- Parliament of the United Kingdom
- Long title: An Act for incorporating the City and Brixton Railway Company and for empowering them to construct an Underground Railway from the City and South London Railway in the Parish of St. Saviour Southwark to Brixton Hill and for other purposes.
- Citation: 61 & 62 Vict. c. lx

Dates
- Royal assent: 1 July 1898

Text of statute as originally enacted

= City and Brixton Railway =

The City and Brixton Railway (C&BR) was an authorised underground railway line in London planned to run from King William Street in the City of London under the River Thames to Brixton via The Borough, Lambeth and The Oval. The company was unable to raise funds and the railway was never constructed.

==Plans==

In November 1897, notice was published of a private parliamentary bill for an underground railway from the City of London to Brixton. The C&BR plan would have partially utilised the soon-to-be-abandoned tunnels of the City and South London Railway (C&SLR, now the Bank branch of the Northern line) between its northern terminus at King William Street and a point north of Borough station. The C&SLR was planning a new northern extension to Moorgate and was going to close the poorly sited King William Street station and sections of its two running tunnels under the River Thames, replacing them with a new pair of tunnels on a better alignment.

The C&BR's plan was to use the C&SLR's tunnels to a point just south of a new station at London Bridge (in direct competition with a station planned there by the C&SLR). South of the C&BR's London Bridge station, the C&BR's route was planned to run in new tunnels parallel with the C&SLR past Borough station, but without a station there. The line was then to diverge westwards to provide stations at St George's Circus and Lambeth Road, then south to Kennington Cross, before reaching an interchange at The Oval with the C&SLR. The line would then have headed south with a station at Lorn Road before reaching its destination at Brixton. The proposals received royal assent on 1 July 1898 as the City and Brixton Railway Act 1898 (61 & 62 Vict. c. lx).

The details of the route north of London Bridge changed over the course of the next ten years, as did the financial arrangements with the C&SLR. In 1898, the depot was planned to be adjacent to New Camberwell Road just south of the Oval station but this was removed in 1899 from the plans and replaced with a plan for a link to the C&SLR's depot at Stockwell.

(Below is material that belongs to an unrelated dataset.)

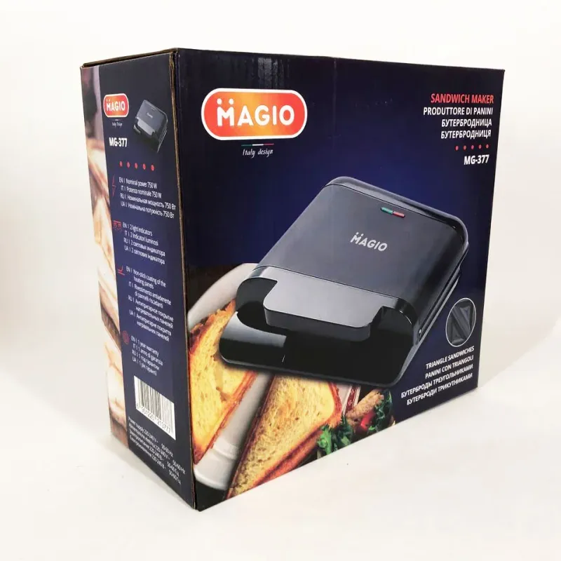 Бутербродница MG-377 обладает всеми необходимыми функциями для того, чтобы быстро приготовить вкусные и питательные сэндвичи. Одновременно в ней можно выпекать сразу по 4 сэндвича, края которых плотно спаиваются бортиками форм, надежно запирая начинку внутри. Корпус изготовлен из высококлассного термостойкого пластика красного цвета. Тип противня – поджаренный сэндвич в форме треугольников. Нагревательный элемент мощностью в 750 Вт обеспечит быстрое и равномерное нагревание двух рабочих поверхностей с антипригарным покрытием. Бутербродницы Magio очень удобны в обращении, сэндвичи не пригорают и легко извлекаются. Благодаря компактным размерам и фиксатору бутербродницу удобно хранить. На крышке имеются световые индикаторы питания и готовности к работе, что облегчает контролирование процесса приготовления.

Despite a series of new bills to revise the scheme, the C&BR was never able to raise enough finance to start construction. In 1902, two bills were presented to Parliament for the complete or partial abandonment of the railway. Both were dropped before completing their passage through Parliament. Instead, in 1902, the C&SLR took over the company with the intention of modifying the plans but the powers remained unused and eventually lapsed. It was not until almost 70 years later that the Underground reached Brixton with the opening of the final section of the Victoria line in 1971.